Deallocation and memory ownership

Enabling SCD makes the lifetime of a transaction unknown. It might be processed immediately, it might take 2ms before it's processed. This is why no memory can be stored on the caller's stack unless the calling application knows that its stack frame has a longer lifetime than the transaction (kvzRTP doesn't provide any tools to figure this out so it's very risky). This also means that once push_frame() is called with some memory chunk, kvzRTP owns that memory (meaning it cannot be deallocated by the calling application).

Another problem is that kvzRTP doesn't know what kind of memory is given to it: does the pointer point to stack or heap, or perhaps to a memory-mapped file? This "opaqueness" of the pointer makes deallocation a dangerous task which is why kvzRTP needs help from the application.

There are few ways to deal with this memory ownership/deallocation issue:

Provide deallocation callback function for the SCD:
- When SCD has processed the transaction, it will call the deallocation callback function which deallocates the memory properly
Use unique_ptr/shared_ptr
- This is the advised way of using push_frame() because it's the easiest both from application's and kvzRTP's viewpoint
Give RTP_COPY flag for push_frame()
- This will cause kvzRTP to make a copy of the memory chunk and deallocate it when it's done. The calling application can also deallocate the memory it gave to kvzRTP without worries. This is also a very simple way of dealing with the issue but it degrades performance.
Disable SCD
- This is not advised, but it completely eliminates the ownership/deallocation problem

If SCD is used, it's very important to use one of the aforementioned tactics when calling push_frame(). Below is listed three possible error conditions that can happen if application doesn't follow these rules.

Problem 1

If application doesn't provide a deallocation callback, doesn't use unique_ptr/shared_ptr and doesn't pass RTP_COPY to push_frame(), kvzRTP assumes that the pointer points to stack and won't do anything about it. If the memory is on the heap, this will leak a lot of memory.

Problem 2

If deallocation callback is provided, kvzRTP assumes that application won't deallocate the memory by itself. If the application decides to deallocate the memory without kvzRTP's permission anyway, kvzRTP's deallocation call will results in a double-free.

Problem 3

If the memory becomes invalid while the transaction is waiting/being processed, SCD will sent garbage. Application must not assume anything about the lifetime of the memory given to push_frame() and rather use "persistent" memory like heap or somehow ensure that the lifetime of memory won't expire while the transaction is being processed.

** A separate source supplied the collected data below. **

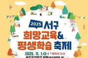 부산 서구는 오는 11월 1일 송도오션파크에서 서부교육지원청과 공동으로 '2025년 서구 희망교육 & 평생학습 축제'를 개최한다. 이번 축제는 ‘아이부터 어른까지, 함께 배우고 나누는 즐거운 하루’를 주제로 오전 11시부터 오후 4시까지 다채로운 프로그램이 펼쳐질 예정이다. 대신여자중학교의 신나는 밴드 공연을 시작으로, 관내 7개 학교, 10개 학생 동아리, 12개 평생학습 동아리가 참여해 열띤 무대를 선보인다. 또한 38개의 특색 있는 체험부스, 온가족 플리마켓, 희망교육 & 평생학습 작품 전시회 등 풍성한 볼거리와 즐길거리로 가득할 예정이다. 특히 오는 11월 22일 개관 예정인 서구아미드림도서관 홍보‧체험부스도 운영되어 구민들이 서구의 첫 구립도서관을 미리 만나볼 수 있다. 공한수 서구청장은 “희망교육과 평생학습이 어우러지는 이번 축제를 통해 지역 주민들이 함께 배우고 소통하며 성장하는 계기가 되길 바란다”고 말했다.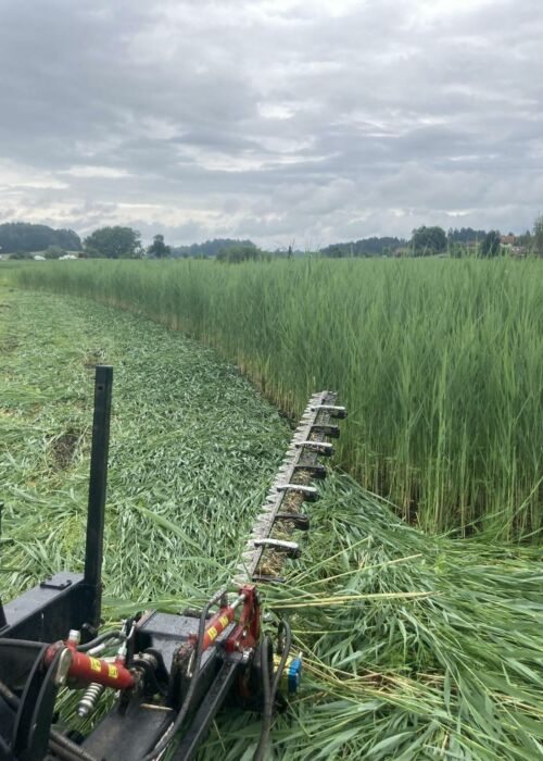 We mow wet/litter meadows using our technology developed specifically for this purpose (a quad mower with double-blade mowing technology), rake the mowed material and bring in hay and bedding.
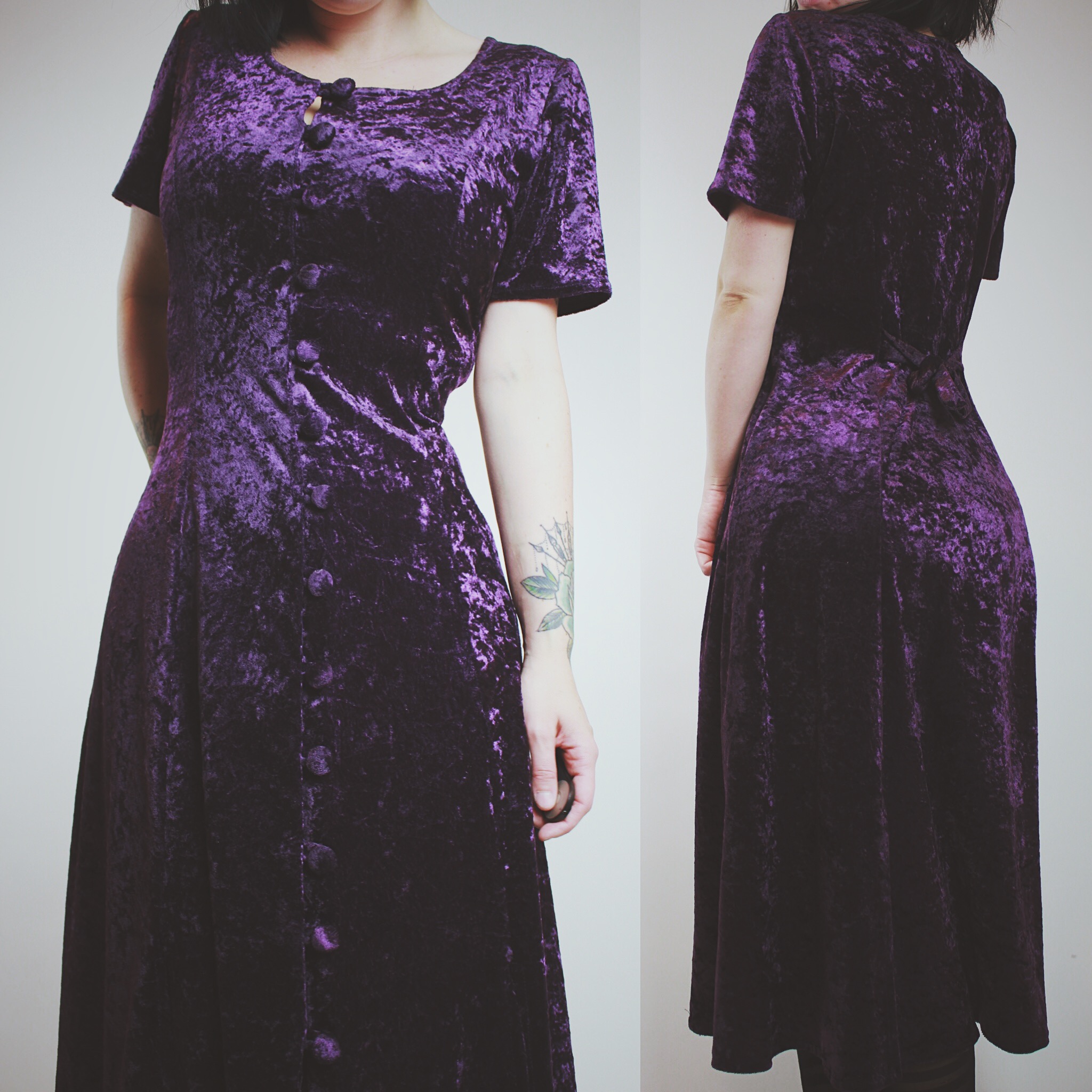 Vintage 90s purple crushed velvet midi dress. The perfect dress for conjuring up midnight margaritas and watching Practical Magic with your best witches.

By adhering to the memory ownership/deallocation scheme presented above, the application can be sure that there will be no memory issues stemming from kvzRTP.

Optimistic fragment receiver (OFR)

kvzRTP features a special kind of fragment receiver that tries to minimize the number of copies. The number of copies is minimized by assuming that UDP packets come in order even though the protocol itself doesn't guarantee that (hence optimistic).

Though kvzRTP features an efficient receiver for HEVC that is able to reach the high goodput (~500 MB/s), it uses more CPU due to conservative assumptions about packet order. OFR reaches the same receive goodput but with 14% lower CPU usage and is thus recommended to be used for video conferencing situations with high bitrate and multiple participants.

Defines

Use __RTP_SILENT__ to disable all prints

Use NDEBUG to disable LOG_DEBUG which is the most verbose level of logging

Adding support for new media types

Adding support for new media types quite straight-forward:

add the payload to util.hh's RTP_FORMAT list
create files to src/formats/format_name.{cc, hh}
create namespace format_name inside namespace kvz_rtp
Add functions push_frame() and frame_receiver()
- You need to implement all (de)fragmentation required by the media type

See src/formats/hevc.cc and src/formats/hevc.hh for help when in doubt.